I'm grateful today for music.  And for a beautiful piano.  And that our piano freshly tuned piano creates such beautiful sounds.  I'm grateful for socks and shoes that contribute to happier feet.  And I'm grateful for fun and laughter that enrich our home.

Inadequate

I rarely make comments in church classes (or any other classes for that matter).  I've spent a lifetime feeling "less-than", I don't have lots of self-confidence.  Whatever I have to say can't possibly be of much value to anyone in the classroom - they're all so much smarter/better educated/more articulate than me.  So I keep my mouth shut.  Generally.

Yesterday in R. S. we were invited to express things of a subjective nature - our personal thoughts on blessings that we see every day that are important to us.  I fairly jumped out of my seat to participate. Yes!  Finally something that means something to me that would be worth sharing.

Apparently not-so-much.  I guess what means something to me doesn't affect others the same way.

This was the firstest time in many months I've commented in class.  It'll be that many months and many, many months more before I speak out in class again.   I'll continue to enjoy my daily blessings in private.

Whatever.

Headed out on the trail this morning, loving that we're on standard (not daylight saving) time and it was a whole hour lighter out.  The wind was blustery, the temperature perfect for working up a bit of steam and the sunrise was absolutely fantabulous!  I love the hope in each new day.

Went with friends to see Goosebumps the other night.  Hadn't a clue what to expect.  Didn't ever read any of the books. I'm not (nor ever have been) a fan of anything scary.  (I'm still quite a'feared of the dark!) I thought the younger set was the target demographic for this one so I figured I could handle it.  Some people were bothered by the ventriloquist's dummy.  Not me.  Those ever-self-healing-ever-growing-in-numbers garden gnomes just really creeped me!
Totally Creepy!

So, The Husband summoned me to the front door- said someone was waiting on the porch for me. He laughed.  As soon as I took the picture I brought that disturbing bobble-head in and hid it where I can't see it.  Nightmares for sure.  (Our friend is quite the tease - leaving that gnome on our porch!)

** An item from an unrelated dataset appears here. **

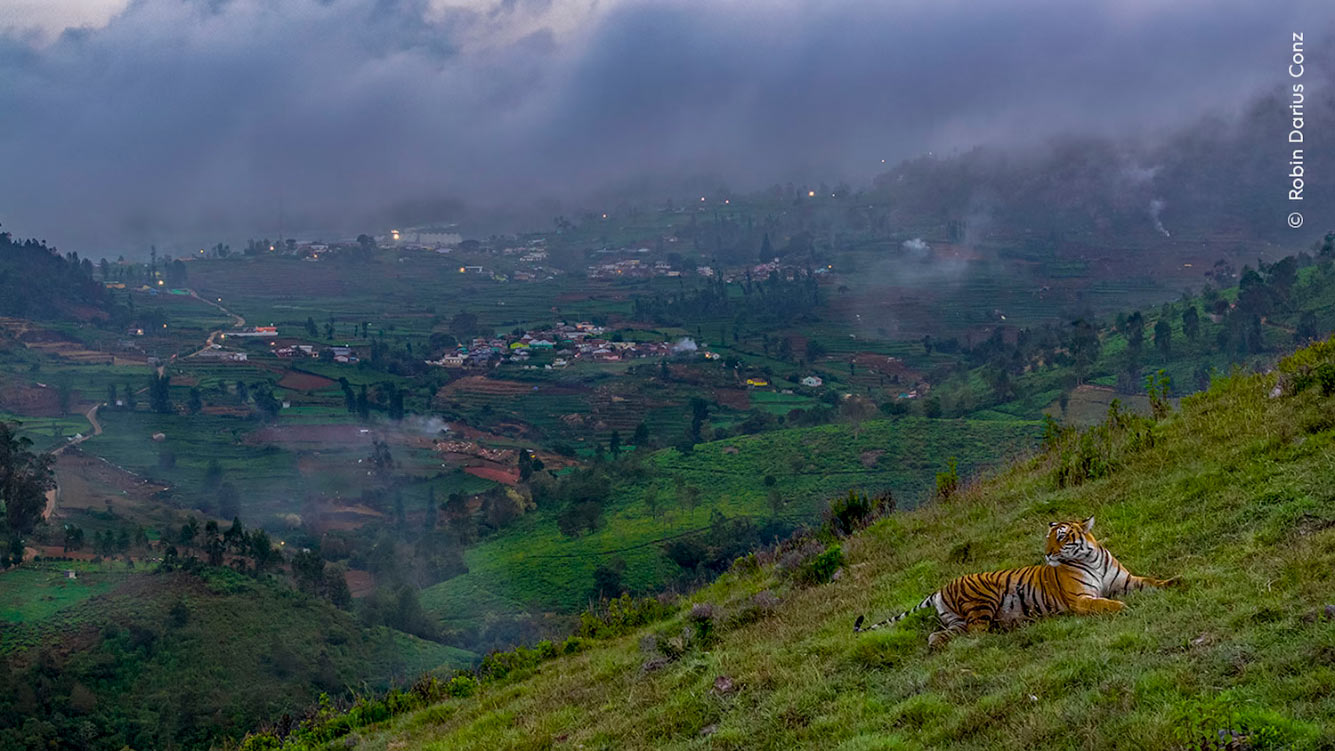 Робин Дариус Конц наблюдал за тигром на склоне холма на фоне города, где когда-то росли леса. Робин следовал за этим тигром в составе документальной группы, снимавшей дикую природу Западных Гат. В этот день он использовал дрон, чтобы наблюдать, как тигр исследует свою территорию, прежде чем поселиться в этом месте. (Фото © Robin Darius Conz / Wildlife Photographer of the Year):

My piano bench is getting a work out.  I'm playing for the ward choir for the Christmas Sacrament Meeting program, playing for the choir to sing in church, playing for a men's quartet to sing in church and now, likely, for the Ward Christmas Party Program.  Thank heavens for a new pair of piano glasses that let's me see the notes just perfectly.  There's no excuse for mistakes, now!

I'm grateful for a foot well enough to walk this morning.  For a smile that makes my heart happy.  For the chance to cuddle the newest grandson the other evening - that sense of a bit of heaven.